Masa Pademi, PAD Kab. Semarang dari Pajak Kendaraan Menurun

Berita

Semarang. Sektor pendapatan asli daerah (PAD) dari pajak kendaraan bermotor atau pun bea balik nama kendaraan bermotor (BBNKB) sangat tinggi.

Pendapatan dari sektor ini memiliki nilai paling tinggi ketimbang sumber lain.

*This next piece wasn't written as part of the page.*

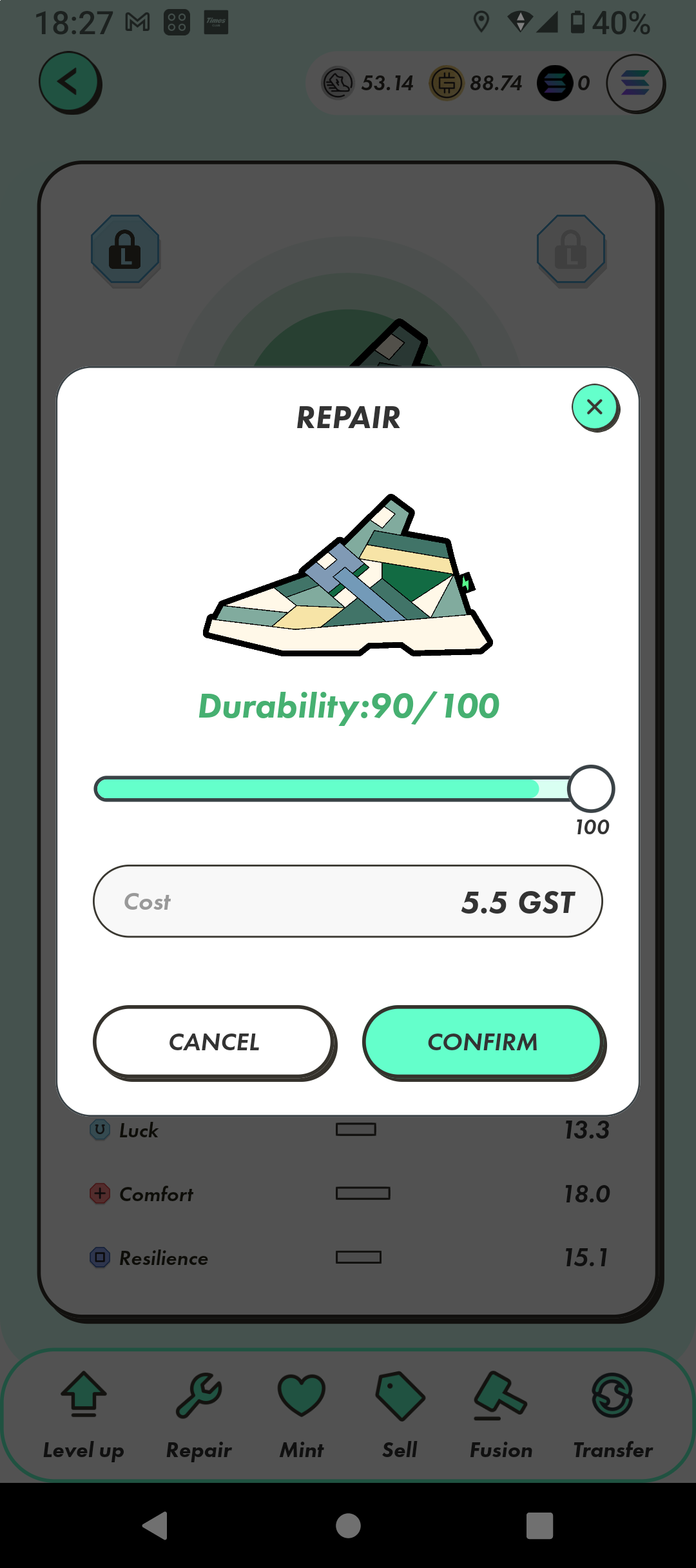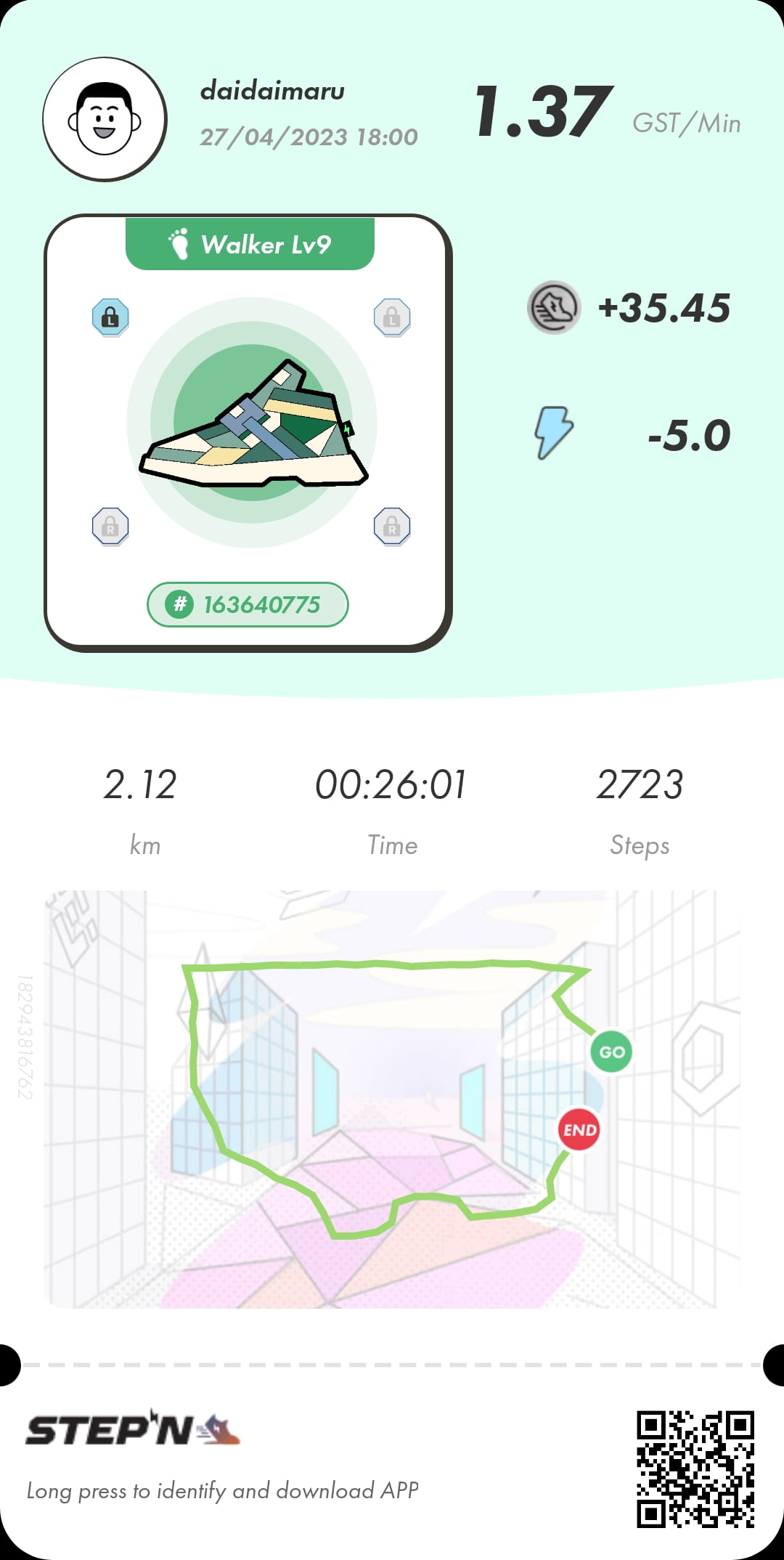 今日の稼ぎ 35.45GST 靴のリペア費用 5.5GST レベル上げ費用 なし 収支 29.95GST ミステリーボックス なし

Namun, saat pandemi melanda yang berpengaruh terhadap menurunnya daya beli masyarakat akan kebutuhan tersier seperti kendaraan bermotor, PAD pun ikut melorot. Pandemi juga disebut momentum yang tepat untuk melakukan inovasi mencari sumber pendapatan alternatif lain.

Data di Badan Pendapatan Daerah (Bapenda) Provinsi Jawa Tengah, Pendapatan Asli Daerah (PAD) hingga Agustus terkoreksi negatif. Dibandingkan, periode yang sama pada tahun lalu, 2019 ada penurunan minus 8,02 persen.

Pelaksana Harian (Plh) Kepala Badan Pendapatan Daerah (Bapenda) Jateng, Sri Sulistiyati, menuturkan penurunan pendapatan sektor pajak daerah mengalami koreksi minus 8,31 persen.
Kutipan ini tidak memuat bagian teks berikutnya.